TCGAImporter (v5)

This module imports data from TCGA by taking in a GDC manifest file, downloading the files listed on that manifest, renaming them to be human-friendly, and compiling them into a GCT file to be computer-friendly.

Summary

This module imports data from TCGA by taking in a GDC manifest file, downloading the files listed on that manifest, renaming them to be human-friendly, and compiling them into a GCT file to be computer-friendly.
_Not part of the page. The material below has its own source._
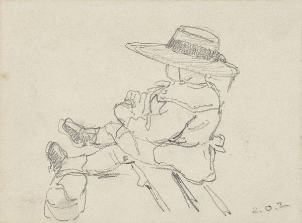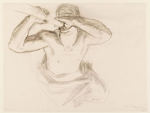 Curator: Let's discuss Walter Shirlaw's pencil drawing, "Back of a Man with Pole," created between 1870 and 1877. Editor: This is a powerful study. I'm immediately struck by the subject's stoicism conveyed through the lines, how would you describe the formal elements at play here? Curator: Notice the masterful use of hatching and cross-hatching to define the musculature of the back and shoulders. The line work suggests both volume and texture, doesn't it? How do the gradations of light and shadow affect your perception of the figure? Editor: It's quite dynamic, considering it's just pencil on paper. The artist really captures the weight and presence of the figure. Curator: Indeed. The composition draws our attention to the interplay between light and form, which shapes a unique and coherent pictorial structure. Now, tell me, what do you think of the placement of the pole across the figure's shoulders and its visual impact on the work? Editor: It adds a layer of depth and intrigue, perhaps hinting at labor or a journey. It really creates an arresting diagonal line that draws your eye from one side to the other. Curator: Precisely. This element, combined with the visible and assured quality of the mark-making, amplifies the feeling of strength and resolve embodied by the figure. We find unity between form and function in the simplicity of the chosen media and subject. What I take away from it is that art’s potential lies within its material means. Editor: It's incredible how much Shirlaw achieves with a single medium, a starkness I'm only now understanding thanks to your explanation of form. Curator: My pleasure. Observing artwork in this way can provide fresh perspectives that enhance both our creative output and personal reflection.

Remember that you will need to download a manifest file and a metadata file from the GDC data portal (https://portal.gdc.cancer.gov/). To dowload these two files follow these intructions: https://github.com/genepattern/TCGAImporter/blob/master/how_to_download_a_manifest_and_metadata.pdf

If you'd like a more comprehensive tutorial of the GDC website, you can find it here: https://docs.gdc.cancer.gov/Data_Portal/Users_Guide/Getting_Started/

 

Version comments:

  • Version 5.0: Utilizes the new Docker container (0.2)
  • Version 4.0: Improved performance of translating gene names.
  • Version 3.2: Changed module name (from download_from_gdc to TCGAImporter) and updated code to read metadata files dowloaded after February 2018 (following GDC's metadata reformatting), this is backwards compatible.

 

Functionality yet to be implemented:

  • Parse copy number variation

 

Technical notes:

  • This module has been tested to run in the Docker container genepattern/docker-download-from-gdc:0.2 which has build code b2l3ixgs675rmow9n3dhgfp
  • To create a conda environment (called GP_dfgdc_env) with the required dependencies download the requirements.txt file from the github repository named genepattern/docker-python36 (here is the url of the file: https://raw.githubusercontent.com/genepattern/docker-python36/master/requirements.txt) and run this three commands in the same folder where requirements.txt is located:

conda create --name GP_dfgdc_env pip
source activate GP_dfgdc_env
pip install -r requirements.txt

Note that you will need to have the GDC download client on the same folder. If you don't know what this means, read more here:  https://docs.gdc.cancer.gov/Data_Portal/Users_Guide/Getting_Started

Parameters

 

Name Description
imanifest * The relative path of the manifest used to download the data. This file is obtained from the GDC data portal (https://portal.gdc.cancer.gov/).
metadata *

The metadata file obtained from obtained from the GDC data portal (https://portal.gdc.cancer.gov/)

output_file_name *

 

The base name to use for output files. E.g., if you type "TCGA_dataset" then the GCT file will be named "TCGA_dataset.gct"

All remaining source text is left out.